◆ **Action item**: In the data below, find every line with the word "compression" and copy it out.

◆ **Study material**:
* * * *
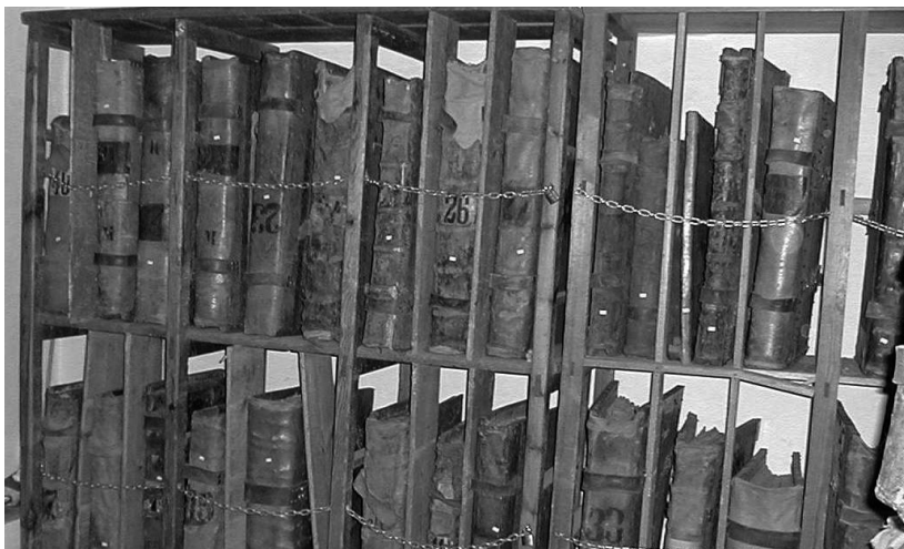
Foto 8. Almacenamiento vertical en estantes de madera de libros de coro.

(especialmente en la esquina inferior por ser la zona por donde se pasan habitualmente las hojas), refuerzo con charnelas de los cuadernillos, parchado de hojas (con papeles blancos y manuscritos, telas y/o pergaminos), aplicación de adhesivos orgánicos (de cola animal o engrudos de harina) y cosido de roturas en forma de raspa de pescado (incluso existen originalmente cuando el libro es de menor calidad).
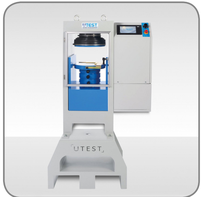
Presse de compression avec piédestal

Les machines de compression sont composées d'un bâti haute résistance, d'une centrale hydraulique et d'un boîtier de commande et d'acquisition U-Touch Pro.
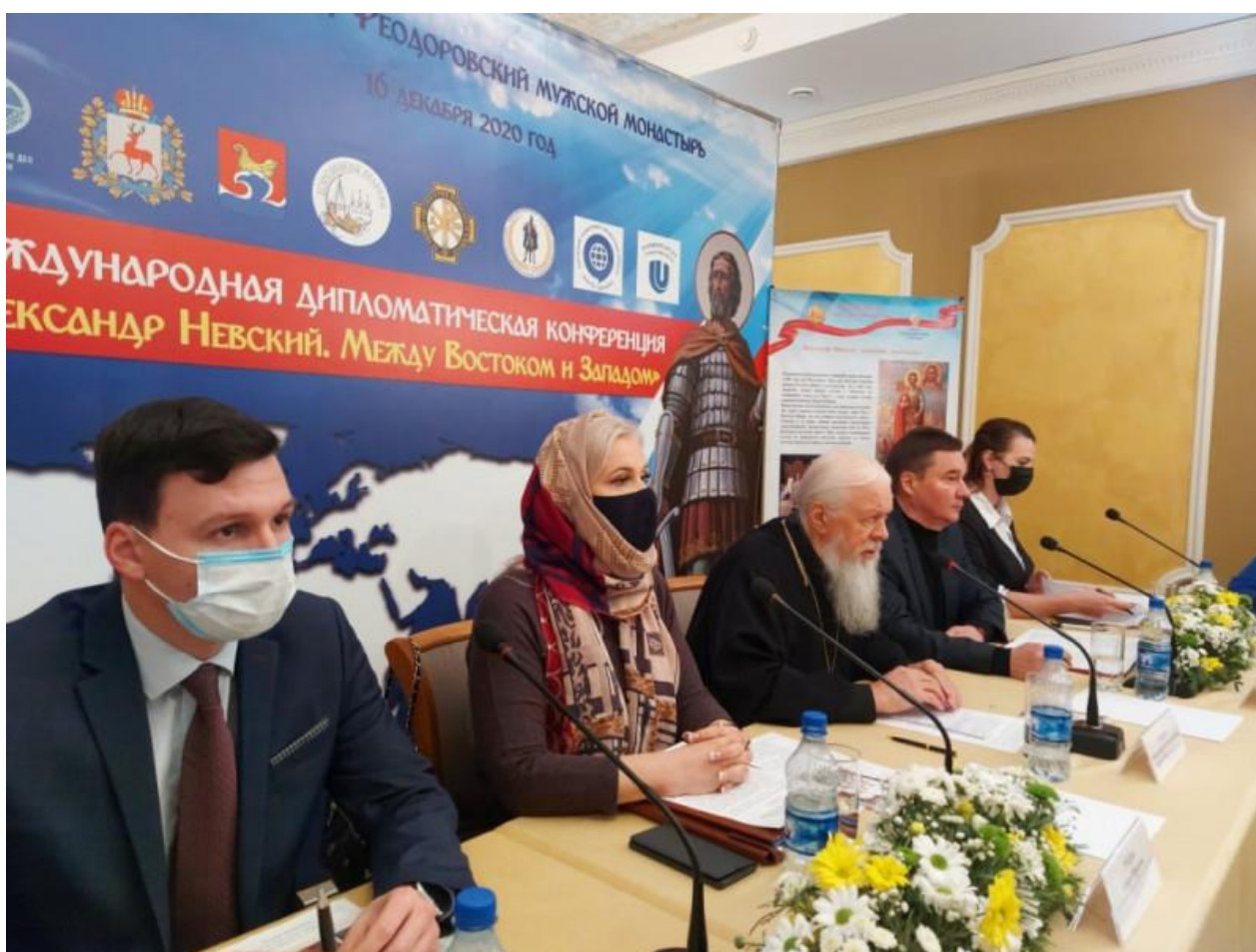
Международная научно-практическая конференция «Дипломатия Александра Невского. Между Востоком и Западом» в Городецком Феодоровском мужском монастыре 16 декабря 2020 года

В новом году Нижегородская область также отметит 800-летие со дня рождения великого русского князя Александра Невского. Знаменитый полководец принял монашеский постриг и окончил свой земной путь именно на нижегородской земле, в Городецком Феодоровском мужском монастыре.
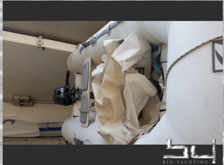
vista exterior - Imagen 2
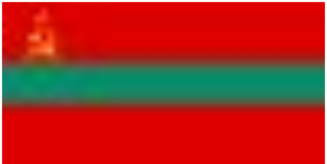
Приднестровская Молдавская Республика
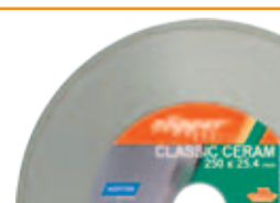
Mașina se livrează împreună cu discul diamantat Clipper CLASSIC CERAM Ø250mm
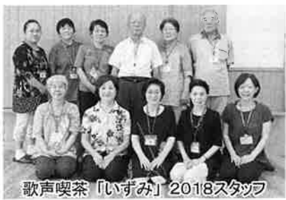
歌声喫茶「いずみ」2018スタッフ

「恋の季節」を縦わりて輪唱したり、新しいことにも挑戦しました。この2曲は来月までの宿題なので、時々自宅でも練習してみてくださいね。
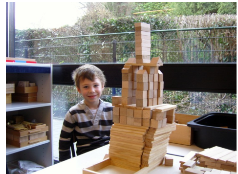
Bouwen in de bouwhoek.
* * * *
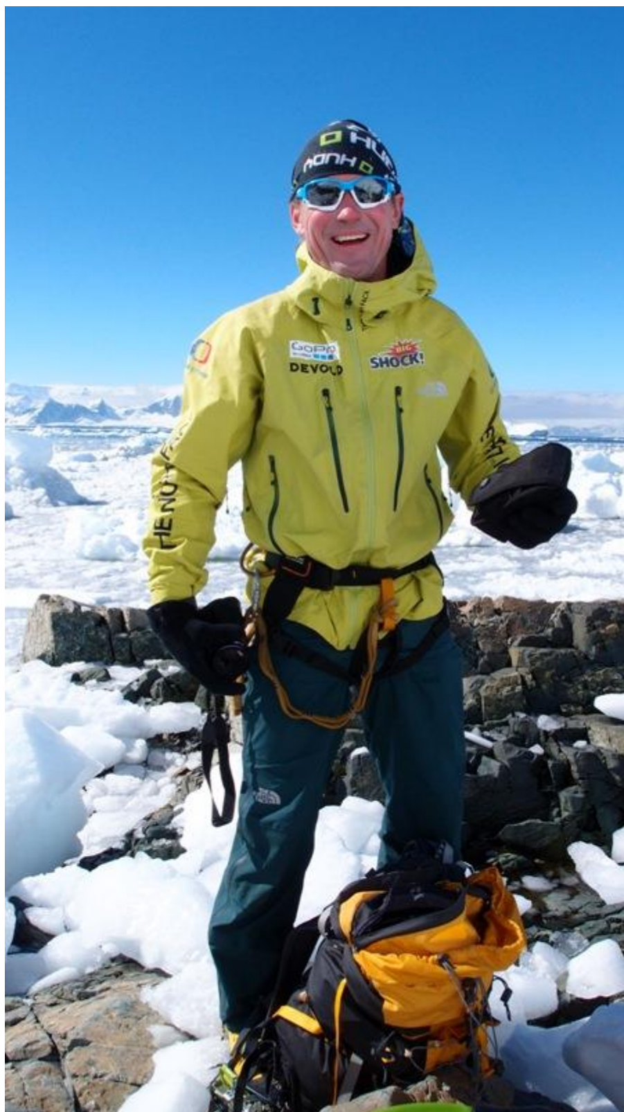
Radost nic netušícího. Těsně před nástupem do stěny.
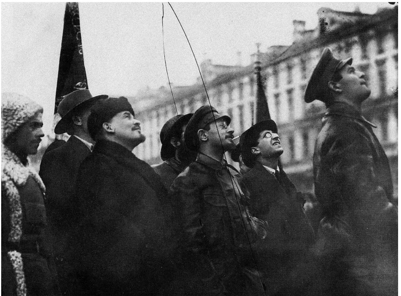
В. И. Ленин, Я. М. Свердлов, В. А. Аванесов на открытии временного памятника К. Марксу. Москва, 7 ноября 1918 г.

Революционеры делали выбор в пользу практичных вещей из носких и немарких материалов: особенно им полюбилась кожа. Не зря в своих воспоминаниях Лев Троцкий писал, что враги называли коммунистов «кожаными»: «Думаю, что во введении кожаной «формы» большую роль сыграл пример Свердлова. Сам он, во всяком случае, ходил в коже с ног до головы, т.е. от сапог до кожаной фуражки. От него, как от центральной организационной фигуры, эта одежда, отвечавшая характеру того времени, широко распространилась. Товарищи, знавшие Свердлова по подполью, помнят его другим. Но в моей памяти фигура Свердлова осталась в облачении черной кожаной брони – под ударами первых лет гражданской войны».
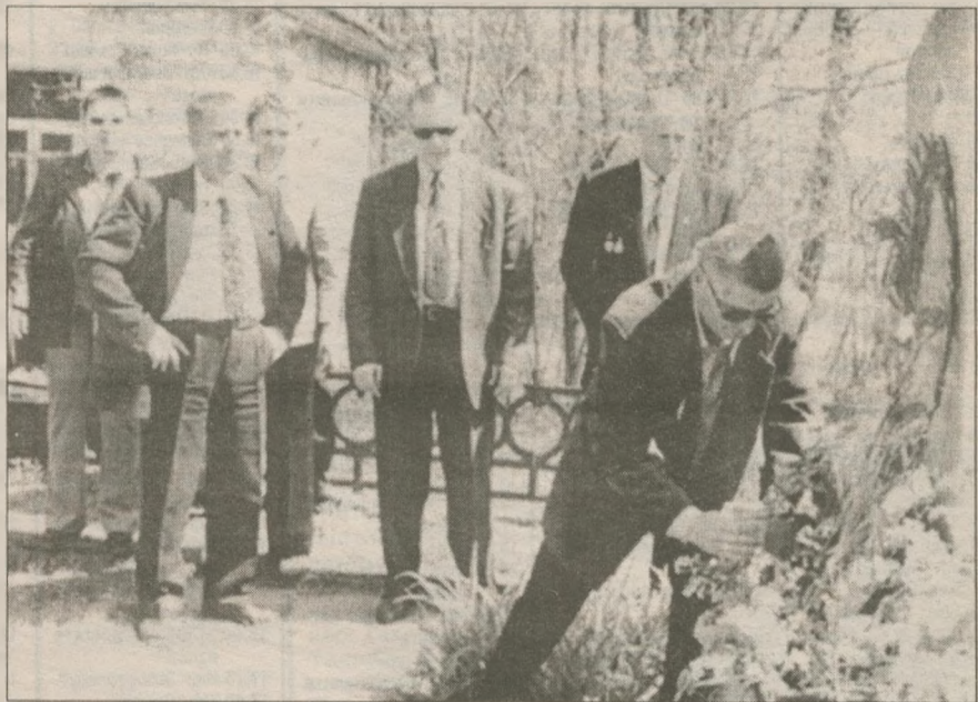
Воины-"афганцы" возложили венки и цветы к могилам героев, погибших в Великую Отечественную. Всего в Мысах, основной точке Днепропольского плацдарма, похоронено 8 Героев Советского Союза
* * * *
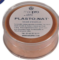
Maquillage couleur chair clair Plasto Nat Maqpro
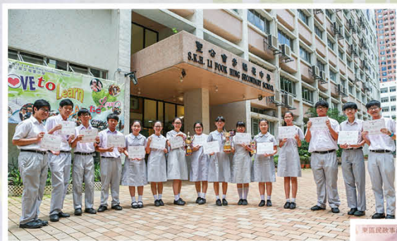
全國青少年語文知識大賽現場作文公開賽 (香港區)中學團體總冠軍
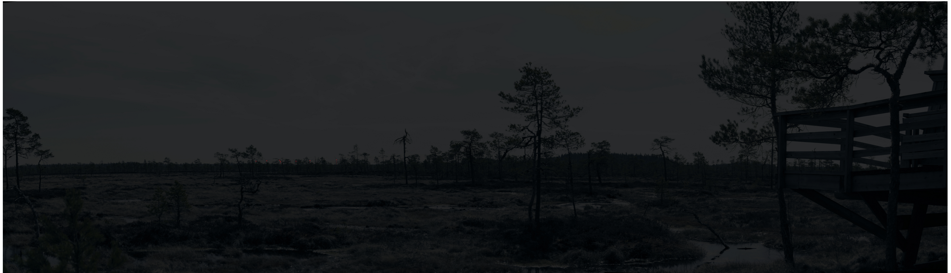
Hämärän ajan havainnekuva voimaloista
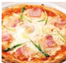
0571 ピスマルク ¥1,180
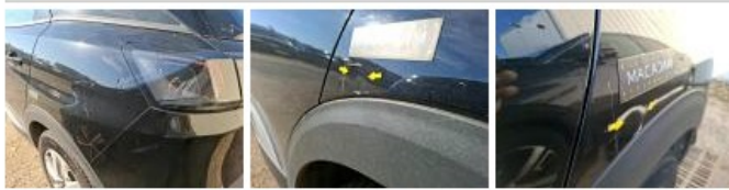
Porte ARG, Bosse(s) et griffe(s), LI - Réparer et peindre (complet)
* * * *
◆ **Exercise output**:
Presse de compression avec piédestal
Les machines de compression sont composées d'un bâti haute résistance, d'une centrale hydraulique et d'un boîtier de commande et d'acquisition U-Touch Pro.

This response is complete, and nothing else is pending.